Étymologie,
À propos de l’expertise judiciaire
L’expertise judiciaire est d’abord une expertise, celle d’un expert, qui doit avoir de l’expérience, des mots qui appartiennent à la même famille étymologique, une grande famille comportant d’intéressantes ramifications comme nous allons le voir.
L’expertise, l’expérience et l’expérimentation
Le point de départ est l’adjectif latin peritus « expérimenté, habile », qui se relie au grec peira « tentative, mise à l’épreuve », dont dérivent empeiria « expérience », empeirikos « d’après l’expérience », d’où empirique. Ces mots se rattachent à une vaste racine *per- « aller de l’avant, pénétrer dans ».
Revenons à peritus, qui est le participe passé d’un verbe non attesté *periri, signifiant « éprouver, essayer », disparu sous cette forme simple, mais continué dans le même sens sous la forme préfixée experiri, dont provient tout un vocabulaire latin, puis français :
- De son participe présent, experiens « entreprenant », dérive experientia « essai, tentative » d’où expérience.
- Du nom obtenu avec le suffixe -mentum, experimentum « essai, preuve par l’expérience » dérive experimentare, d’où expérimenter, expérimenté, expérimentation, ainsi qu’expérimental par le latin médiéval experimentalis.
- Enfin de son participe passé expertus « éprouvé » vient expert, puis expertise.
Remarquons ici que si l’expérience 1 (au sens de l’expertise) est rassurante, une expérience 2 (au sens d’une expérimentation) peut être inquiétante, et cela explique l’apparition de termes à connotation négative dans la suite.
Incidemment, l’anglais a emprunté à l’ancien français l’essentiel de ce vocabulaire, avec des nuances comme la distinction entre experience « expérience 1 » et experiment « expérience 2 ».
L’impéritie, le péril et le risque de péricliter
En latin, de peritus dérive peritia « connaissance par l’expérience », et les mots contraires sont imperitus et imperitia. Il se trouve que, de ces quatre mots, un seul est passé en français, impéritie, qui est donc synonyme d’inexpérience.
D’autre part, du verbe supposé *periri dérive aussi periculum, avec le suffixe -(i)culus, à valeur diminutive ou péjorative. En effet, le mot periculum, au tout premier sens « essai, expérience », signifie plus couramment « danger, risque, péril », d’où en français péril, périlleux (du latin periculosus).
Et de periculum dérive le verbe periculari, ainsi que son fréquentatif periclitari, signifiant d’abord « faire un essai, essayer » puis surtout « être en danger, mettre en danger ». De là vient en français péricliter. Et finalement périr ? Non, car périr vient du latin perire, formé de per « à travers » et ire « aller », c’est-à-dire « aller au-delà, trépasser » (encore que le préfixe per relève tout de même de la racine *per- évoquée plus haut).

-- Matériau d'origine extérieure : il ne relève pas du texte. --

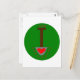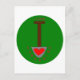This postcard features an image of a spade with a heart on it and text that says “I love gardening”. The spade has dug the writing into a nice green circular lawn.

Notons enfin que periculum désignait aussi le péril couru en justice, c’est-à-dire le risque de perdre un procès, ce qui nous amène à l’expertise judiciaire.
Juridique ou judiciaire ?
Les adjectifs latins juridicus et judiciarius sont tous deux issus de jus, juris « droit » et dicare « dire » (d’où en latin, judicare « dire le droit, juger », judicium « procès »). L’expert juridique « dit le droit » en tant que spécialiste de cette discipline, alors que l’expert judiciaire donne des avis techniques sur les points litigieux, y compris devant le juge.
Épilogue
Pour un expérimentateur audacieux, il est bon d’avoir un expert judiciaire aussi expérimenté que judicieux, pour écarter les risques et périls à caractère juridique.